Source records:
################

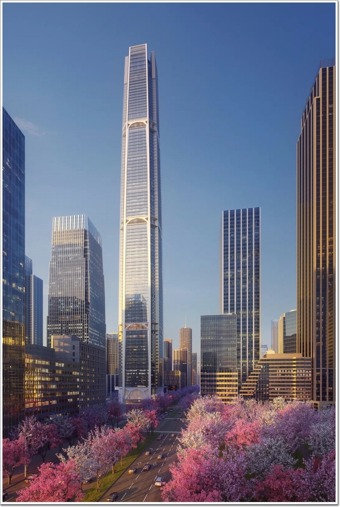 SOM在中國(guó)江蘇省公布了一項(xiàng)破紀(jì)錄的超高層建筑的設(shè)計(jì)方案。綠地金茂國(guó)際金融中心自2017年開始建設(shè),一旦建成,將成為近500米的最高塔樓,超過了同樣由SOM設(shè)計(jì)的南京紫峰大廈(450米)。
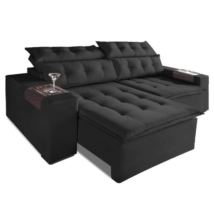 Sofá Carioca Retrátil E Reclinável 4 Lugares 230cm Tecido Veludo Cor Preto
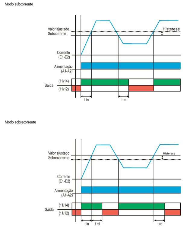 No modo de Subcorrente: ”Jumper” c – d = "FECHADO", ao energizar o aparelho o relé de saída é energizado e aguarda a estabilização da corrente, a qual deve ficar acima do valor ajustado no trimpot de corrente. Se a corrente cair para um valor abaixo do valor ajustado o relé é desenergizado após decorrido o tempo de retardo. Se a corrente voltar a subir o relé é energizado ao atingir o valor da histerese mais o valor ajustado.
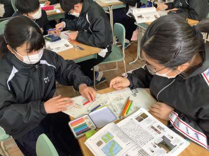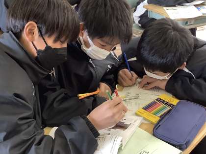 理科の授業で地層の特徴について学びました。教科書の例題から地層の色を塗って、地層が地中の中でどうなっているのかを考えていました。
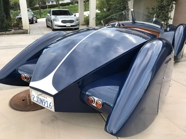 The body was hand crafted from a wood buck and the form captured in a fiberglass mold. From these molds, all parts on car were casted with woven fiberglass and polyester resin. The car was made to allow for complete disassembly. All four fenders are easily removable from the main body.
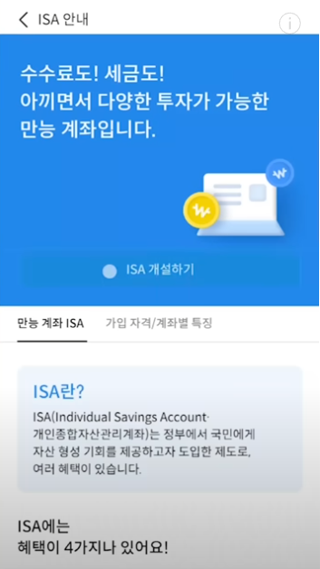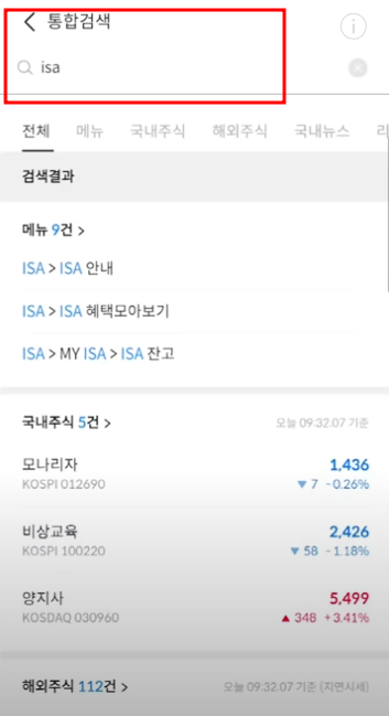 가입은 증권사 앱에서 통합 검색 창에서 ‘ISA’ 검색만 해도 간단하게 가능해요. 이미 쓰고 있는 증권사가 있다면 거기서 만드는 게 관리하기도 편하겠죠.
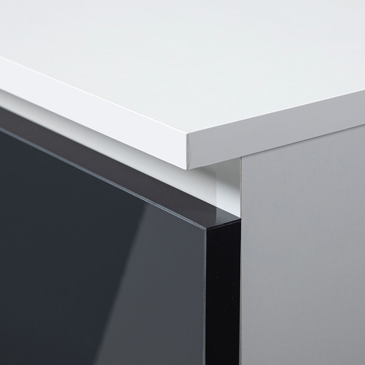 The body of the sideboard is made from 16 mm laminated board in white semi-matte color, the fronts are made from acrylic board in GRAPHITE 19 mm high gloss.
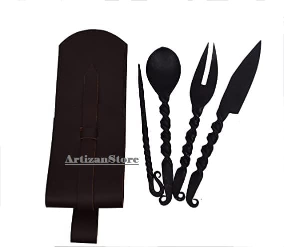 Medieval Handforged Iron Cutlery Set With Leather Pouch flatware, kitchen, spoon, skewer, fork, Knife Our skewer, fEasy to take along to the faire, a picnic, camp out or wherever you want to be able to eat out! The handle for each hand-forged piece has the traditional blacksmiths twist and the skewer is capable of holding an edge. This set is slightly heavier than our other feasting utensil set). Please clean before use; these have been heated treated and oil quenched. To minimize rusting keep oiled. Set Of 4.............
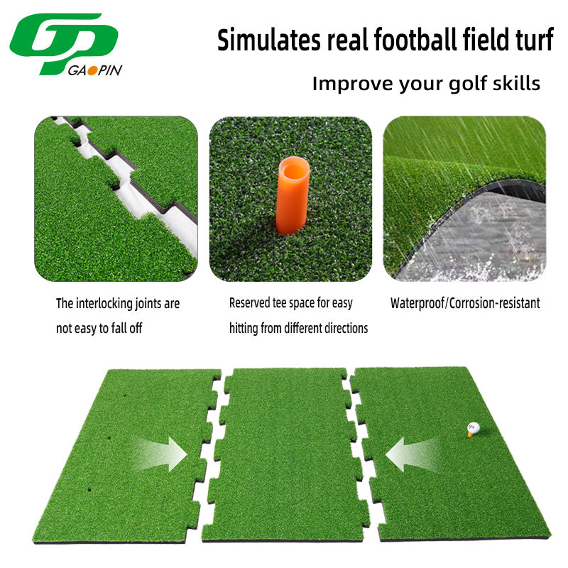 Tapis de golf antidérapant en PP robuste à 3 sections emboîtables, idéal pour l'entraînement de swing en intérieur et en extérieur, 150x90cm
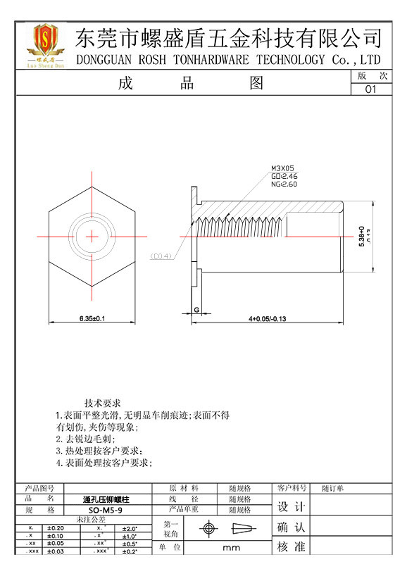 SO-M5-9 壓鉚螺母柱
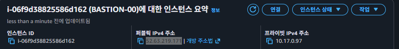 - BASTION 인스턴스 보면 Public IP 생성되어 있다.
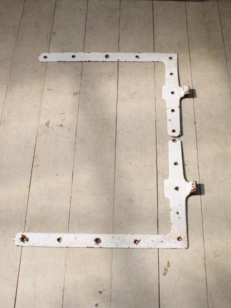イギリスの蚤の市で見つけてきた古い、鉄製のヒンジです。シャビーな風合いがとても素敵です。取り付けるだけでインパクトのあるドアになります。ショップディスプレイとしてもオススメです。   サイズ幅42cm 高さ59cm  厚み7.5cm                  年代年代推定1930~1950年代
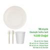 Roll-up Ekolojik 22 Cm. 96 Kişilik Parti Piknik Sofra Sunum Seti - Doğal Tabak Bardak Çatal Kaşık Takımı
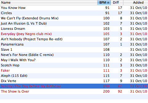 You can’t choose the fields it shows here – apart from the BPM, you get the title, the difference between the current BPM of your mixtape and the tune’s own BPM (more later), and the date added. I would like to be able to add the artist here and definitely the key or the comments tag – I mix in key and have that information in the ID3 tags, and I don’t want to have to refer back to iTunes to get this.
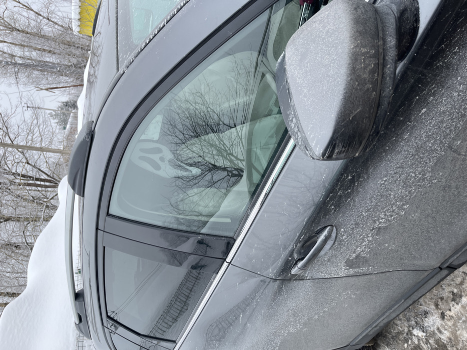 This forensic description details a winter scene in Shevlyakovo, Russia. A dark grey SUV, coated in dirty, icy residue on its lower panels and side mirror, is parked outdoors. The vehicle features a silver roof rack. Through the front passenger side window, a white Ghostface mask is clearly visible, positioned upright on a light-colored seat, facing forward. The exterior environment consists of snow-covered ground and piles of snow. Bare deciduous trees, heavily coated in ice, stand in the background behind a wire fence, with an overcast sky overhead. Utility poles and power lines are visible among the trees, and a distant yellow structure is partially obscured in the upper right. No individuals are visible.

################

Without the pictures, write out every entry precisely as it appears.

 SOM在中國(guó)江蘇省公布了一項(xiàng)破紀(jì)錄的超高層建筑的設(shè)計(jì)方案。綠地金茂國(guó)際金融中心自2017年開始建設(shè),一旦建成,將成為近500米的最高塔樓,超過了同樣由SOM設(shè)計(jì)的南京紫峰大廈(450米)。
 Sofá Carioca Retrátil E Reclinável 4 Lugares 230cm Tecido Veludo Cor Preto
 No modo de Subcorrente: ”Jumper” c – d = "FECHADO", ao energizar o aparelho o relé de saída é energizado e aguarda a estabilização da corrente, a qual deve ficar acima do valor ajustado no trimpot de corrente. Se a corrente cair para um valor abaixo do valor ajustado o relé é desenergizado após decorrido o tempo de retardo. Se a corrente voltar a subir o relé é energizado ao atingir o valor da histerese mais o valor ajustado.
 理科の授業で地層の特徴について学びました。教科書の例題から地層の色を塗って、地層が地中の中でどうなっているのかを考えていました。
 The body was hand crafted from a wood buck and the form captured in a fiberglass mold. From these molds, all parts on car were casted with woven fiberglass and polyester resin. The car was made to allow for complete disassembly. All four fenders are easily removable from the main body.
 가입은 증권사 앱에서 통합 검색 창에서 ‘ISA’ 검색만 해도 간단하게 가능해요. 이미 쓰고 있는 증권사가 있다면 거기서 만드는 게 관리하기도 편하겠죠.
 The body of the sideboard is made from 16 mm laminated board in white semi-matte color, the fronts are made from acrylic board in GRAPHITE 19 mm high gloss.
 Medieval Handforged Iron Cutlery Set With Leather Pouch flatware, kitchen, spoon, skewer, fork, Knife Our skewer, fEasy to take along to the faire, a picnic, camp out or wherever you want to be able to eat out! The handle for each hand-forged piece has the traditional blacksmiths twist and the skewer is capable of holding an edge. This set is slightly heavier than our other feasting utensil set). Please clean before use; these have been heated treated and oil quenched. To minimize rusting keep oiled. Set Of 4.............
 Tapis de golf antidérapant en PP robuste à 3 sections emboîtables, idéal pour l'entraînement de swing en intérieur et en extérieur, 150x90cm
 SO-M5-9 壓鉚螺母柱
 - BASTION 인스턴스 보면 Public IP 생성되어 있다.
イギリスの蚤の市で見つけてきた古い、鉄製のヒンジです。シャビーな風合いがとても素敵です。取り付けるだけでインパクトのあるドアになります。ショップディスプレイとしてもオススメです。   サイズ幅42cm 高さ59cm  厚み7.5cm                  年代年代推定1930~1950年代
 Roll-up Ekolojik 22 Cm. 96 Kişilik Parti Piknik Sofra Sunum Seti - Doğal Tabak Bardak Çatal Kaşık Takımı
 You can’t choose the fields it shows here – apart from the BPM, you get the title, the difference between the current BPM of your mixtape and the tune’s own BPM (more later), and the date added. I would like to be able to add the artist here and definitely the key or the comments tag – I mix in key and have that information in the ID3 tags, and I don’t want to have to refer back to iTunes to get this.
 This forensic description details a winter scene in Shevlyakovo, Russia. A dark grey SUV, coated in dirty, icy residue on its lower panels and side mirror, is parked outdoors. The vehicle features a silver roof rack. Through the front passenger side window, a white Ghostface mask is clearly visible, positioned upright on a light-colored seat, facing forward. The exterior environment consists of snow-covered ground and piles of snow. Bare deciduous trees, heavily coated in ice, stand in the background behind a wire fence, with an overcast sky overhead. Utility poles and power lines are visible among the trees, and a distant yellow structure is partially obscured in the upper right. No individuals are visible.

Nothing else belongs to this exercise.